* **DATA TO EXAMINE**
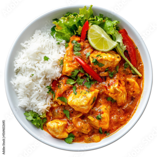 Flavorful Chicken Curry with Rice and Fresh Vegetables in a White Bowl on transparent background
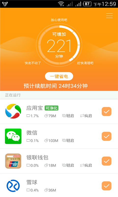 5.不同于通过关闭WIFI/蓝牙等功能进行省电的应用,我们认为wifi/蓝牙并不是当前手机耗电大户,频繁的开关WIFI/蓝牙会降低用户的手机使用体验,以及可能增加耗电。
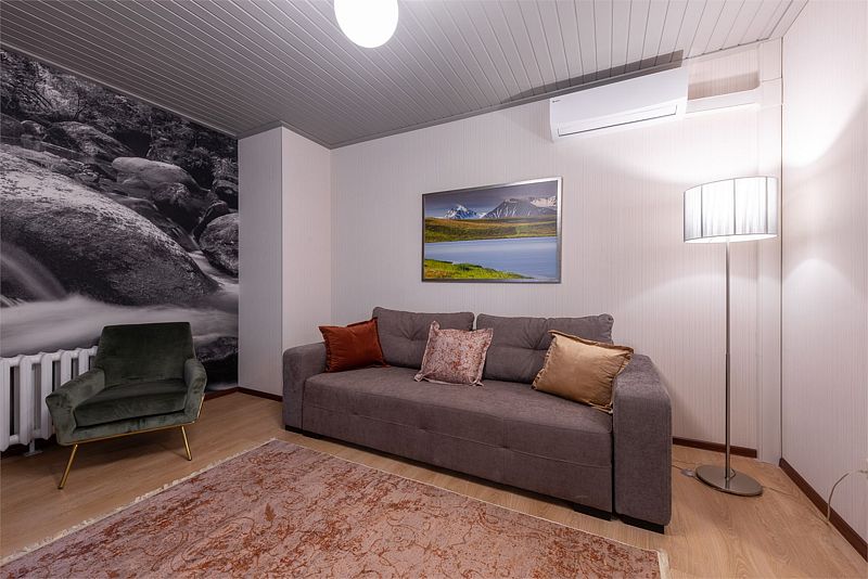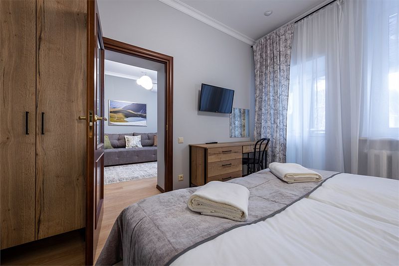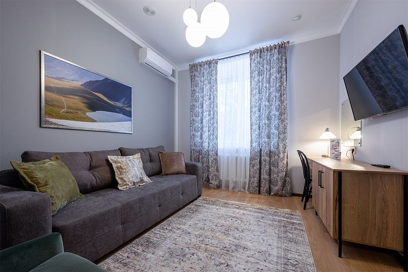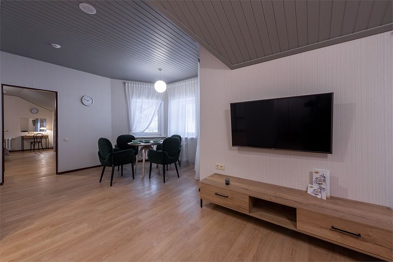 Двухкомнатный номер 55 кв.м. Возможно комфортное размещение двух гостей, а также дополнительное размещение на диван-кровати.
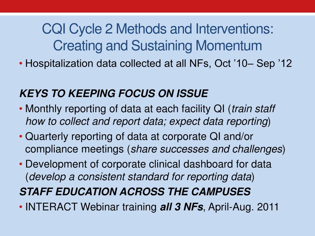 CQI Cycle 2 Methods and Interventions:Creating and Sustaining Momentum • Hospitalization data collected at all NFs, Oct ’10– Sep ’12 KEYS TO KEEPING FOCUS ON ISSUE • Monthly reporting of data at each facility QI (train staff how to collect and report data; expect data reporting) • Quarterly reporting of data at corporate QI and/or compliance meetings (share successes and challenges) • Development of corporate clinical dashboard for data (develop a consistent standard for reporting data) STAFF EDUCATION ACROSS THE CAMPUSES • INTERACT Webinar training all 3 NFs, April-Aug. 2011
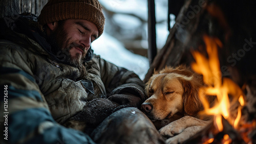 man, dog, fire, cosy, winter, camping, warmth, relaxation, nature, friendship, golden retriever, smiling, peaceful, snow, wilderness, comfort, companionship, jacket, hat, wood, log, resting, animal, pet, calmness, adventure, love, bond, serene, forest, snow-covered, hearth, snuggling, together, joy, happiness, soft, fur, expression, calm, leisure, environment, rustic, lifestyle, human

* **TASK PROMPT**
Write out again, exactly, the lines from the start of the listing up to the line containing "Двухкомнатный номер 55", with both ends and without pictures.

* **OUTPUT BELOW**
 Flavorful Chicken Curry with Rice and Fresh Vegetables in a White Bowl on transparent background
 5.不同于通过关闭WIFI/蓝牙等功能进行省电的应用,我们认为wifi/蓝牙并不是当前手机耗电大户,频繁的开关WIFI/蓝牙会降低用户的手机使用体验,以及可能增加耗电。
 Двухкомнатный номер 55 кв.м. Возможно комфортное размещение двух гостей, а также дополнительное размещение на диван-кровати.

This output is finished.